Posted by: jimj at May 19, 2006 4:38 PM
Referendums don't work. Plain and simple. Nothing would ever get done if everything went to a referendum. People will almost always vote against anything that will raise their taxes. That's why we elect people to represent us. We would not have the MOA if it had gone to a referendum. That was a pretty bad idea wasn't it? And yes, the Twins leaving was a legitimate possibility. Baseball's patience has run out with Minneapolis. As a state we need to ask ourselves if professional sports are really important to us and if we want to be a "major league" state. If yes, we're going to have to contribute a minuscule amount of our tax dollars to the cause. If we don't, another city will. That new stadium is going to be a monument that we all can be proud of. (See Reusse's column today)

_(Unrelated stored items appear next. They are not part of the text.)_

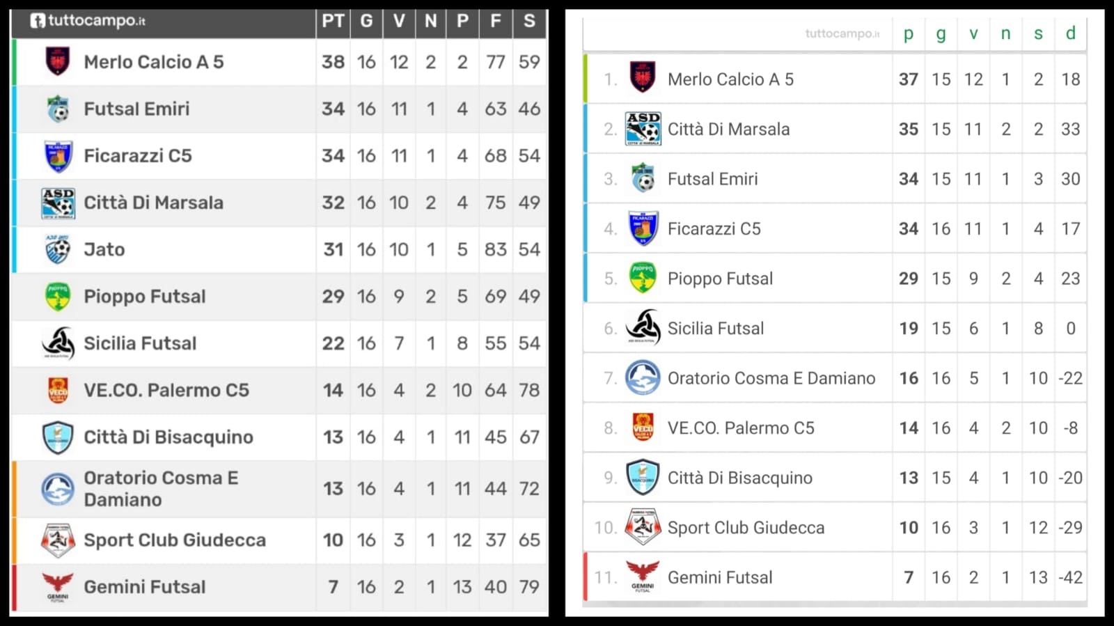 A sinistra la classifica prima della rinuncia al campionato da parte dell’A.S.D. Jato, a destra la classifica aggiornata dopo la diciassettesima giornata. Ad avere la peggio il Merlo Calcio a 5 che si è visto sottrarre 4 punti conquistati contro lo Jato, diminuendo così il distacco dalla seconda in classifica.
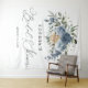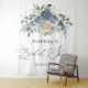 Elegant dusty blue and champagne floral tapestry — perfect bridal shower wall décor or backdrop accent.
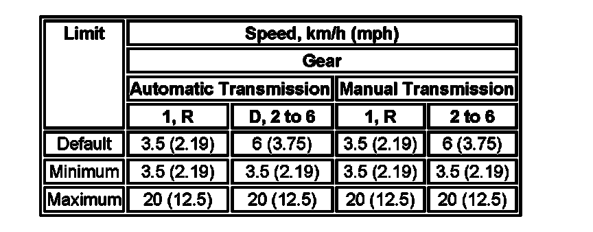 The target speed varies, between minimum and maximum values for each gear and transmission range, depending on driver inputs through the foot pedals. If the foot pedals are not operated, the ABS module adopts a default target speed.

Posted by: BJ at May 19, 2006 4:39 PM
The state of Minnesota sued MLB to prevent contraction on the grouds that there were 'intangible benefits' to having the team that could not be paid off by the Twins no matter what the amount. We won that lawsuit. The judge agreed that you couldn't put a value on these intangible benefits such as hunderds of thousands of people lining the streets of Minneapolis for victory parades in '87 and '91. The arguement was that even though the Twins are technically a private business, they are in fact a quasi-public enterprise at the same time. That's what makes they and other pro sports teams different from other private businesses. Never mind that we do give other private businesses subsidies too.
You cannot sue on these grounds on the one hand, and on the other refuse to build a stadium on the grounds that the team is a private business and brings no benefits to the state. When Minnesota filed that lawsuit they were admitting that this arguement is not true.
Posted by: David Howe at May 19, 2006 5:23 PM
Who wants to get together on Saturday and watch the Twins and Brew Crew to celebrate a new Twins ballpark??? Click on my name if interested.
Posted by: freealonzo at May 19, 2006 9:10 PM
House and Senate have adjourned for the night. Marathon Saturday here we come!